I’ve been laughing for so long trying to write this blog. Mostly because the person who inspired me to write this explicitly said, “I hope you’re not gonna write a blog about this”… not only am I gonna write this blog, but I’m half tempted to leak her name and occupation too lol. She started giving disclaimers before going into her story which said to me that the next words out of her mouth was going to be outlandish. Justifying yourself in advance just encase you dig a hole for yourself and end up in that sunken place. Anyways, we spoke about some of the things guys have done to entice her in the past and what she made of it all. Long story short, she’s been living her best life for ages and certain guys have been pulling out all the stops. This game is not for the feint hearted, if you don’t come correct you’ll be on the substitutes bench waiting for the main players to tire out.

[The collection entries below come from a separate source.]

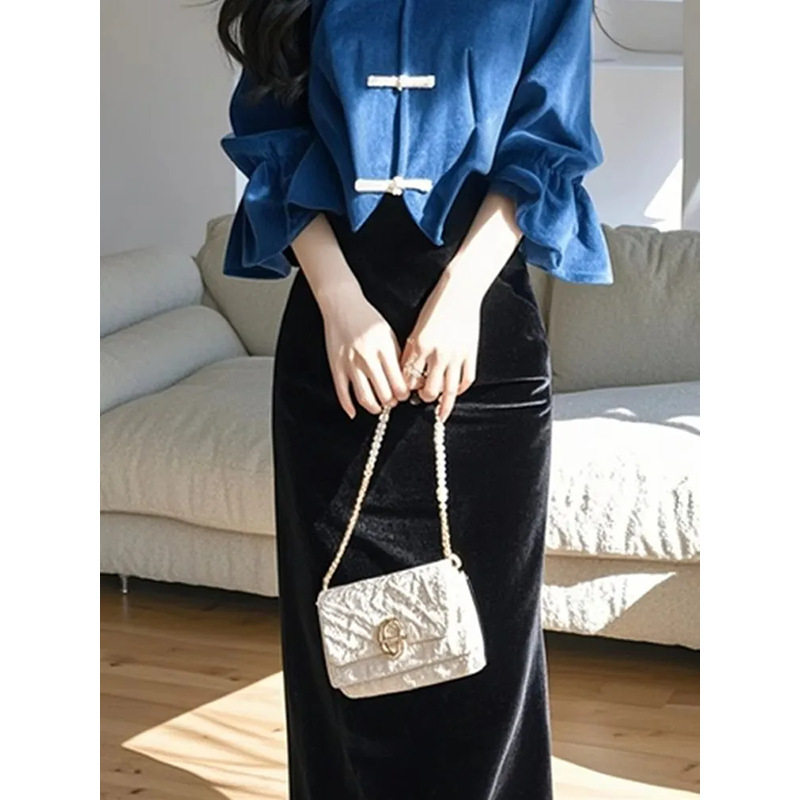 싱글 피스/2025 봄 새로운 여성 의류 새로운 중국 국가 스타일 블루 코듀로이 여성의 고급 품위 있고 우아한 패션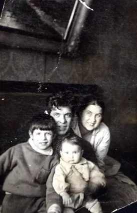 The family of my husband Georgi Zabozlaev: upper row: my husband`s father Fyodor Zabozlaev, his mother Evgenia Zabozlaeva (nee Rys), lower row: my husband Georgi and on the right is my husband`s sister Olga. This photo was taken in Leningrad on 12.11.1939 when Olga turned 9 months.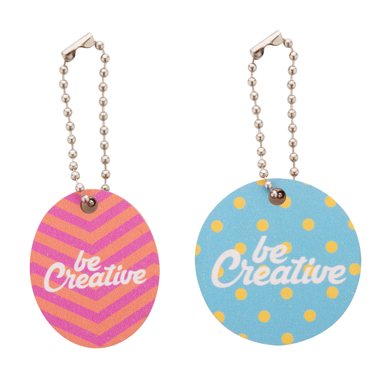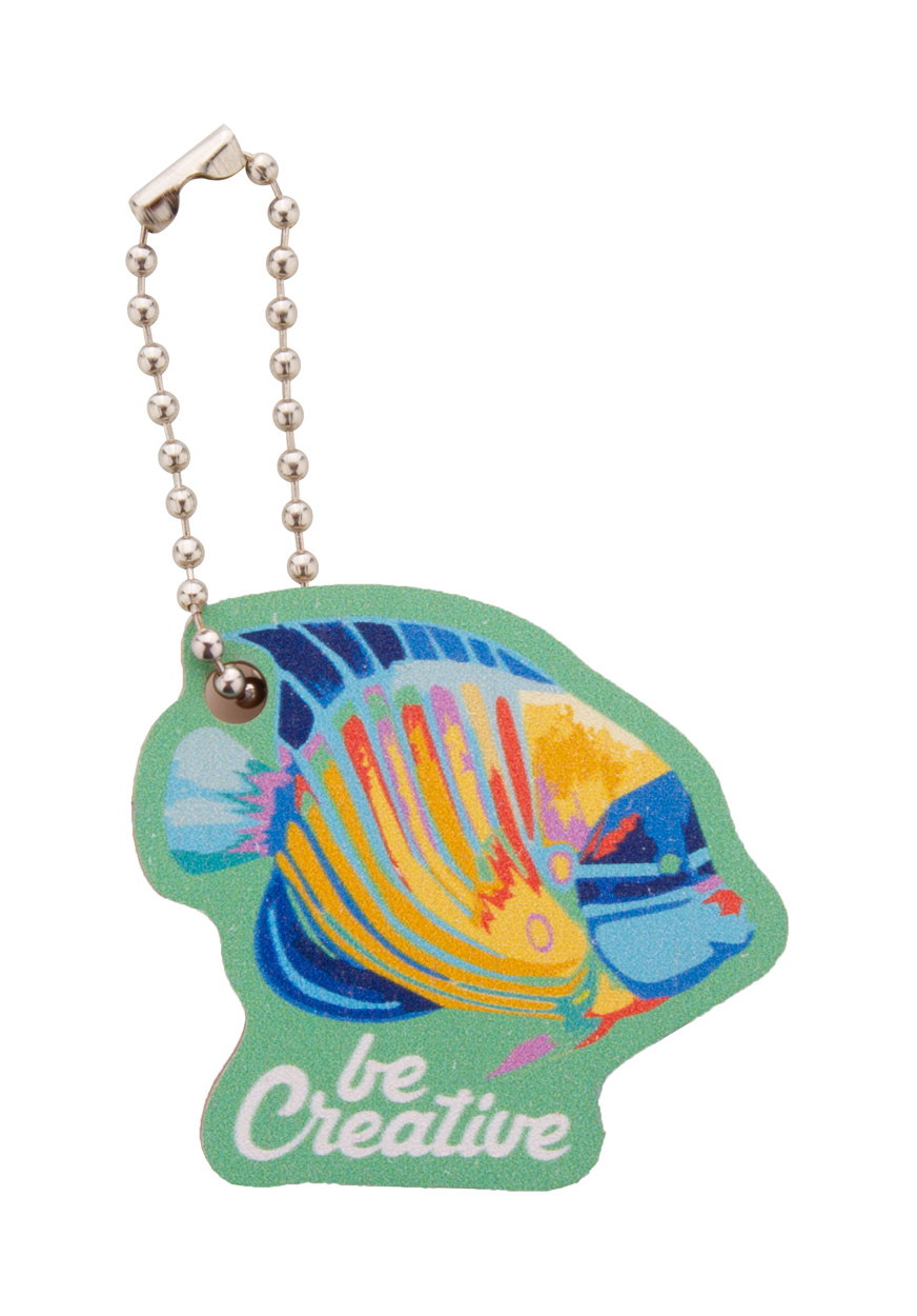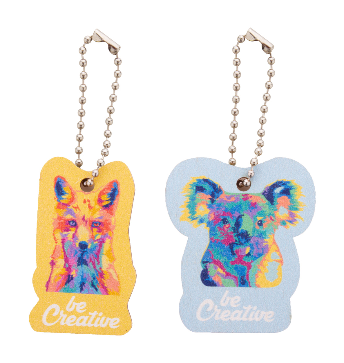 Custom made, birch plywood keyring with full-colour printing and metal chain. Produced in custom shape - maximum size: 45x45 mm. Price includes UV LED printing on one side. MOQ: 200 pcs.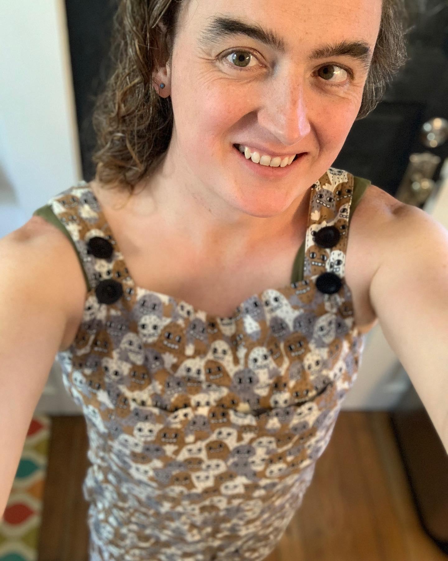 Theresa O'Connor added a new photo. (Facebook)It’s #lesbianvisibilityday so here I am! Visible, lesbian, and sheltering in place. Monster overalls from Nooworks!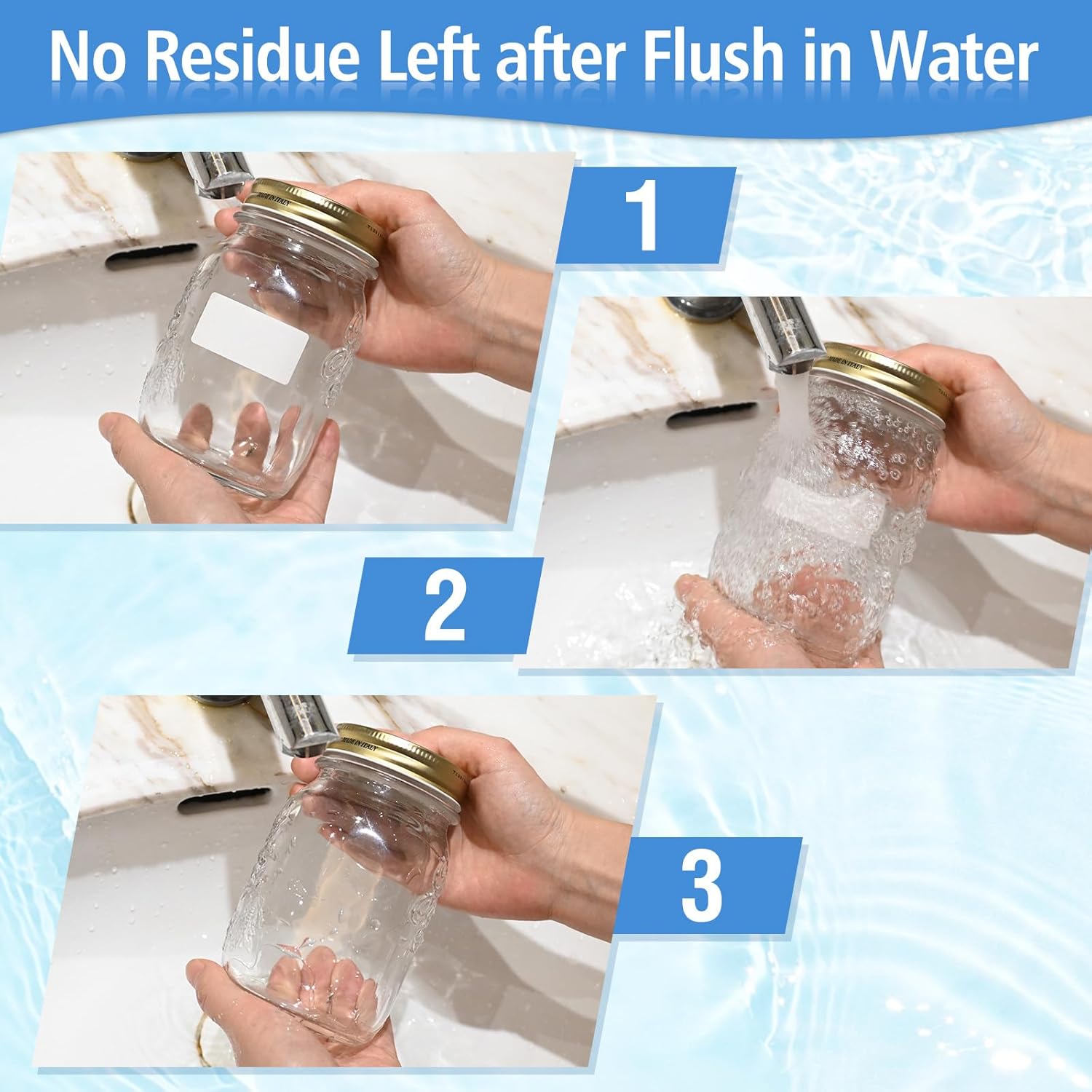 350 Blank Dissolvable Labels 1x2 Inch, White Washable Dissolvable Food Labels for Storage Containers, Canning, Jar, Bin (1 Roll - 350 Stickers)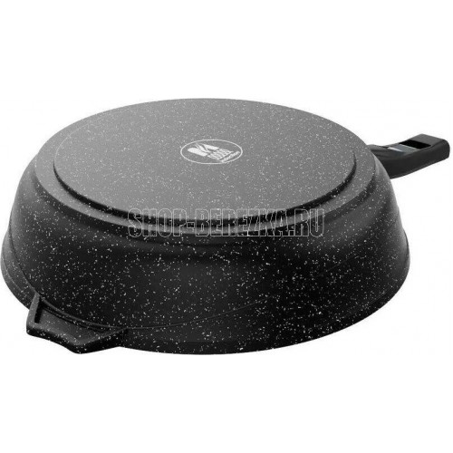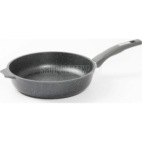 Сковорода 24см с антипригарным покрынием и несъемной ручкой серии "Гранит black". Подходит для всех типов плит, кроме индукционных. Можно использовать в посудомоечной машине.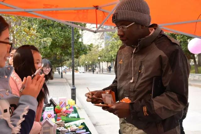 、外语学院、动医学院、金融学院的志愿者们进行了连续三天的义卖。即使天气寒冷,活动进行过程中仍然得到了很多同学的关注和支持。来自环科的潘同学购买了书签,他说:“买点礼物送给好朋友,即奉献了爱心又维持了感情,何乐而不为呢?而且这个书签挺好看的。”一位来自苏丹的留学生看到这个活动非常开心也积极的参与了进来,

“Yea, I just have guys buying me stuff”… I listened on curiously… “Even got a free trip to Paris, it was so easy. He spent zillions of pounds on me and I didn’t even have to lift a finger”. Lol, alright that last sentence no-one said ever but you get my gist. You guys are really out here treating Paris like Camden Town. Treating the Champs-Élysées like it’s the brown properties on the monopoly board. Since when did the playing field change like this? Wasn’t free trips to The Shard or Hakkasan good enough? Now you’re packing bags and living life with Pierre and Olivier in the Eiffel Tower. Guys are really out here skewing the game, how selfish of you. What makes you think you can take your average Gemma from down the road to a place of pure imagination. Mate, are you Willy Wonka? Just settle with a Cheeky Nando’s like the rest of us.
I don’t blame her if I’m honest, if someone was buying me gifts and taking me places then it’ll be rude not to accept. I know some women get a bad rep in these sort of situations but sometimes you gotta embrace double standards. Just the other day I was aimlessly watching my mates SnapChat and her story was popping! Drinks… Were… Flowing! I’m sure Mr. Grey Goose himself made a cameo appearance to that one. After sending the ‘shady eyes’ emoji and a few back and forths later, she laughed that the whole night cost her around £19 courtesy of pretty privilege. And with a number as obscure as 19 I’m sure that probably included the cost of the Über ride there and back too. Some of you guys are out here funding the evenings for women who intentionally leave their purses at home lol. Bending over backwards only to receive a fake number at the end of the night; number has like 13 digits. Or worse off when she tells you to add her on Facebook even though her last activity was in 2014.
Guys are really out here skewing the game, how selfish of you. What makes you think you can take your average Gemma from down the road to a place of pure imagination. Mate, are you Willy Wonka? Just settle with a Cheeky Nando’s like the rest of us.
I’m a firm believer that you should treat a lady like a lady but if from day one you’re pulling out all the party tricks, where do you go from there buddy? You set the bar so high that now you’re struggling to be consistent. That Arsene Wenger syndrome. Now you gotta backtrack like Donald Trump with all the policies he wanted to implement cos’ the prices at Novikov have rattled your system. I guess a more interesting thing is to understand why guys feel the need to splash out before even getting to know someone. I genuinely feel guys do this to overcompensate for their crappy personalities or a lack of confidence (or both!). Throwing all your cards on the table and she ain’t even sat down yet. And when she does you then realise all she’s bringing is stress and student loan in return. Play it cool lads, she ain’t wearing your logo on her chest so you don’t have to sponsor her team.